I agree with Toby the Powercap light is an exelent piece of kit I have had mine for about 20 months an can't fault it.

Malcolm


----------



## CHJ (1 Mar 2009)

penman":3pyrseqm said:


> I agree with Toby the Powercap light is an exelent piece of kit I have had mine for about 20 months an can't fault it.
> Malcolm



Unfortunately for me the powercaps with their lower filter standard of P1 are not suitable for me, I need at least P2 & P3 not over the top.

Does the light version have impact protection *Malcolm*?, I was under the impression that it was only the PowerCap IP that had it.


----------



## Paul.J (1 Mar 2009)

That looks really good Chas  
The visor is almost half the weight of the Trend then :?: which seems to me where you need the less weight.
How long does the battery last for,and how long to charge :?: 
Is this the one Mark Hancock uses :?:


----------



## wizer (1 Mar 2009)

CHJ":11xrggmj said:


> If you are concerned about the weight on you back I would suggest you attach something of similar weight to a belt and try it, the air feed pipe is long enough to allow positioning on the hip or even at the front.

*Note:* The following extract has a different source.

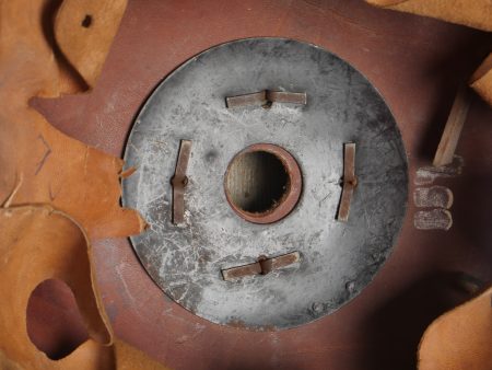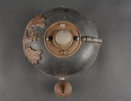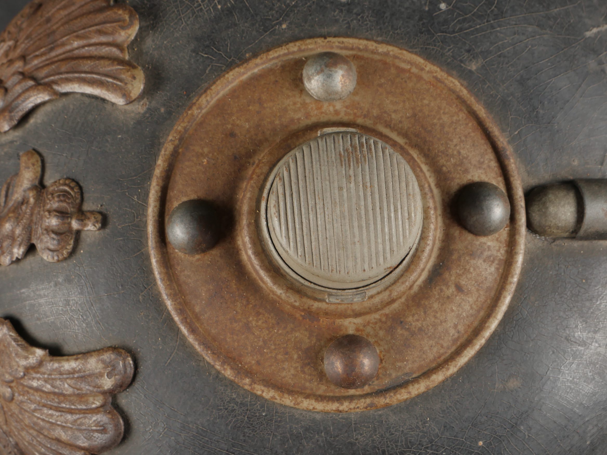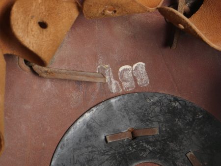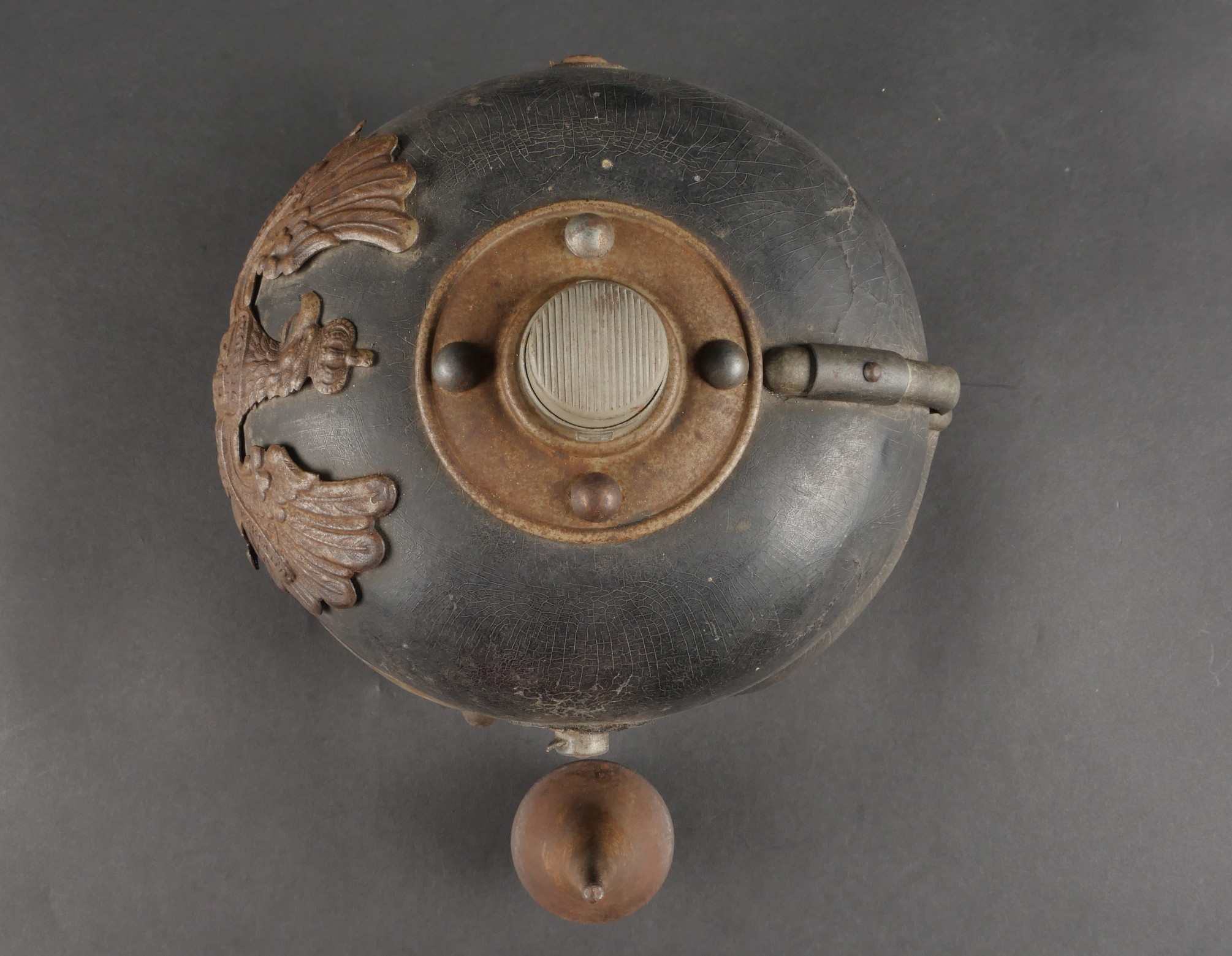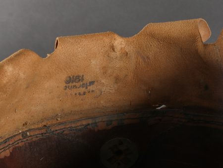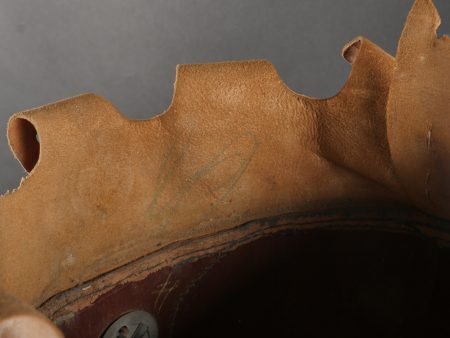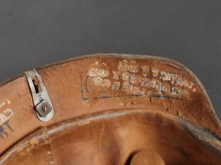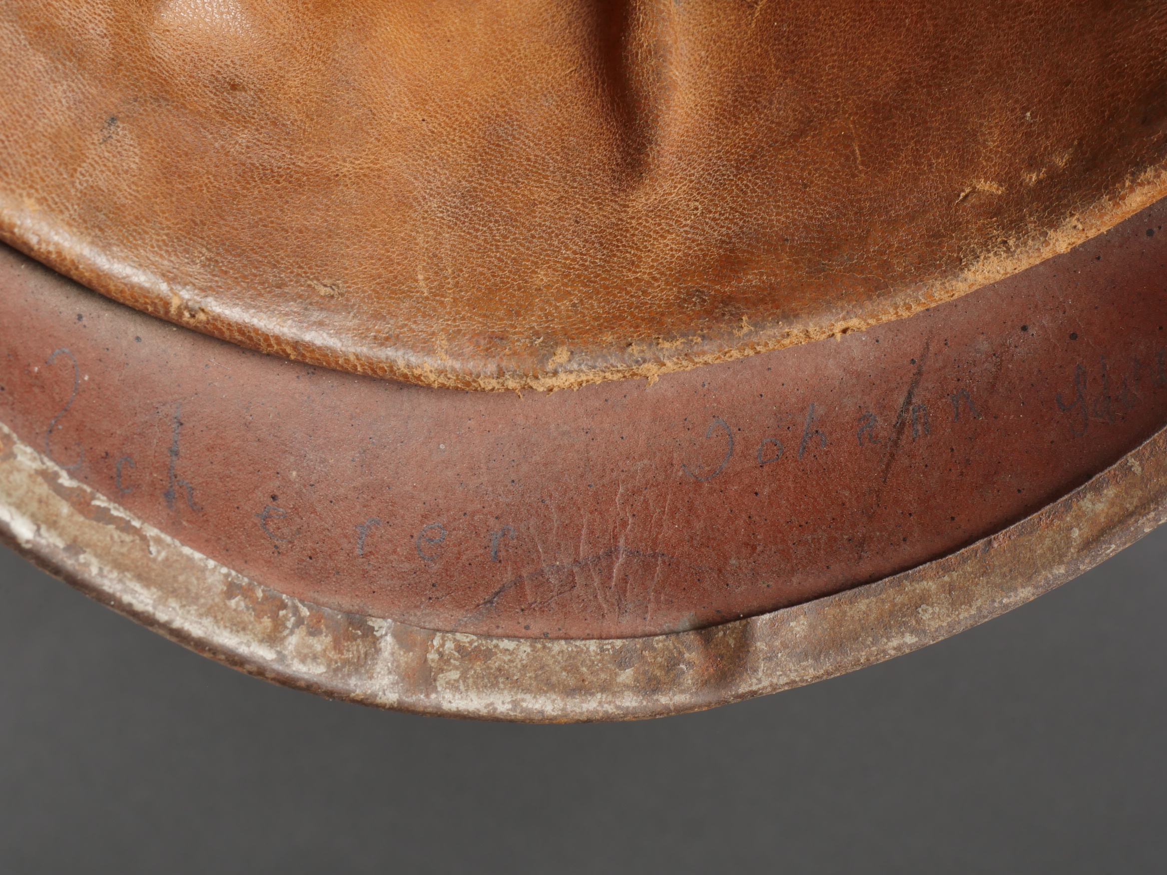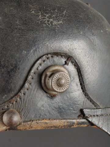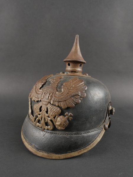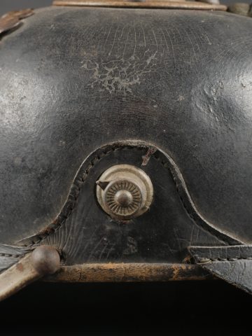 Casque à pointe prussien troupe modèle 1915. Bombe en cuir bouilli vernis noir. Toutes garnitures en fer peint feldgrau, oxydation. Plaque à l’aigle prussien avec ses pontets. Pointe amovible par système à baïonnette. Jonc de renfort arrière avec aérateur. Rivets d’embase de pointe jamais démontés. Coiffe à dents de loups en cuir fauve, une extrémité abimée. Sous la nuquière, date 1916, tampon de réception sauf erreur de lecture 3BFAR50 soit la 3e Batterie du Feld Artilerie Regiment Nr 50. Tampons recouverts de tampons à la peinture blanche indiquant le passage à l’époque du casque dans un atelier de réparation, ce qui explique la configuration troupe à pied cohabitant avec le marquage FAR. Cocardes et jugulaire absentes. Un casque nature avec son vécu de guerre. Usure d’usage, patine. Prussian Other Ranks Pickelhaube Model 1915 Helmet shell in blackened boiled leather, all fittings in field-grey painted steel, showing oxidation. Prussian eagle plate with mounting loops, removable spike by bayonet system, rear spine with vent. Spike base rivets never removed. Brown leather liner with “wolf tooth” tongues, one damaged. Rear visor marked 1916, with reception stamp (likely) “3.B.F.A.R.50” for 3rd Battery, Field Artillery Regiment Nr. 50. Overstamped white paint markings suggesting workshop repair during wartime, explaining mixed infantry/artillery configuration. Missing cockades and chinstrap. Untouched helmet with genuine wartime wear. Signs of use, patina.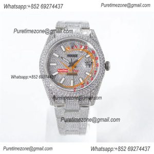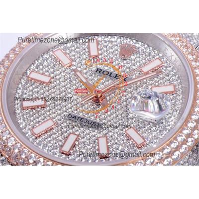Datejust A2824 Automatic Mens Watch Best Edition TWF TTRG Paved Diaomond Stick Dial Fully Ice Out 904L Steel Bracelet

Thanks Chas. Do you know what it weighs, roughly.

My fear about the head mounted versions is that I naturally slouch and lean. I think having this on my head would exaggerate this.

Non-Interesting Fact: My Dad was one of the original owners of the Greenham company. Tho he had nothing to do with the tools side of the business and was forced to sell his interest in the business when my mum 'took him to the cleaners' :roll: :wink:


----------



## CHJ (1 Mar 2009)

Bodrighy":px04k6od said:


> ...Is this because the Trend wasn't effective enough for you Chas?..... but you can't have the Iroko back...


It was the top heavy weight that put me off the new Trend *Pete*, its filter factor should have been adequate.

No fear of me wanting anything to do with Iroko again, I have no intention of donning a full bio suit to handle and clean up after it. :lol:


----------



## CHJ (1 Mar 2009)

wizer":23trqdbr said:


> Thanks Chas. Do you know what it weighs, roughly.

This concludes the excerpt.